__Work required__:
Below is a block of entries; repeat exactly the lines starting at the line that contains "ул. Вавиловых, д.8, к.1" and ending at the line that contains "Трудно переоценить роль", both included.

Top of Dataset entries

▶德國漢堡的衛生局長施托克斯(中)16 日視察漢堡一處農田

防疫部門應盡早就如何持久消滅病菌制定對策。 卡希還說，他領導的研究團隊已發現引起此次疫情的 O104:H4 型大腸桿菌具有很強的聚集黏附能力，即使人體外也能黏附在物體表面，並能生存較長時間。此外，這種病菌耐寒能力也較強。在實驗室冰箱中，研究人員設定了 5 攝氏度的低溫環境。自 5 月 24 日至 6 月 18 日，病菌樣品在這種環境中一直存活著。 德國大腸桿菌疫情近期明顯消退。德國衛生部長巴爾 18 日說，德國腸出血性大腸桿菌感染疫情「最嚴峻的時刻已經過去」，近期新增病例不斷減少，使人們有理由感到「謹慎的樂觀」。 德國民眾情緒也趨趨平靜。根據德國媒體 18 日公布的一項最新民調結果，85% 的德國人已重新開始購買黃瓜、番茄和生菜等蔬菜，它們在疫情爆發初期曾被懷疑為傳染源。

Bottom of Dataset entries
Top of Dataset entries

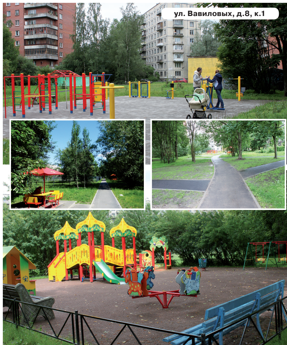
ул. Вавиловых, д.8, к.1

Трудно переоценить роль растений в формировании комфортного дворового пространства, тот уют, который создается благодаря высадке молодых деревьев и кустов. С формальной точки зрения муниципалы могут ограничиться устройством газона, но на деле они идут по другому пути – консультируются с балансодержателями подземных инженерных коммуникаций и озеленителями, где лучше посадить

Bottom of Dataset entries
Top of Dataset entries

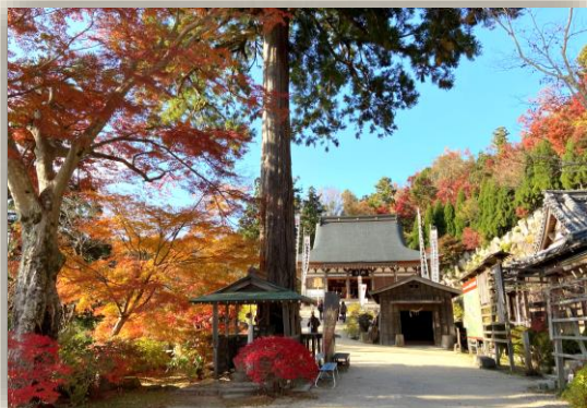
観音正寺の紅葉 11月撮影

Bottom of Dataset entries

__Finished exercise__:
ул. Вавиловых, д.8, к.1

Трудно переоценить роль растений в формировании комфортного дворового пространства, тот уют, который создается благодаря высадке молодых деревьев и кустов. С формальной точки зрения муниципалы могут ограничиться устройством газона, но на деле они идут по другому пути – консультируются с балансодержателями подземных инженерных коммуникаций и озеленителями, где лучше посадить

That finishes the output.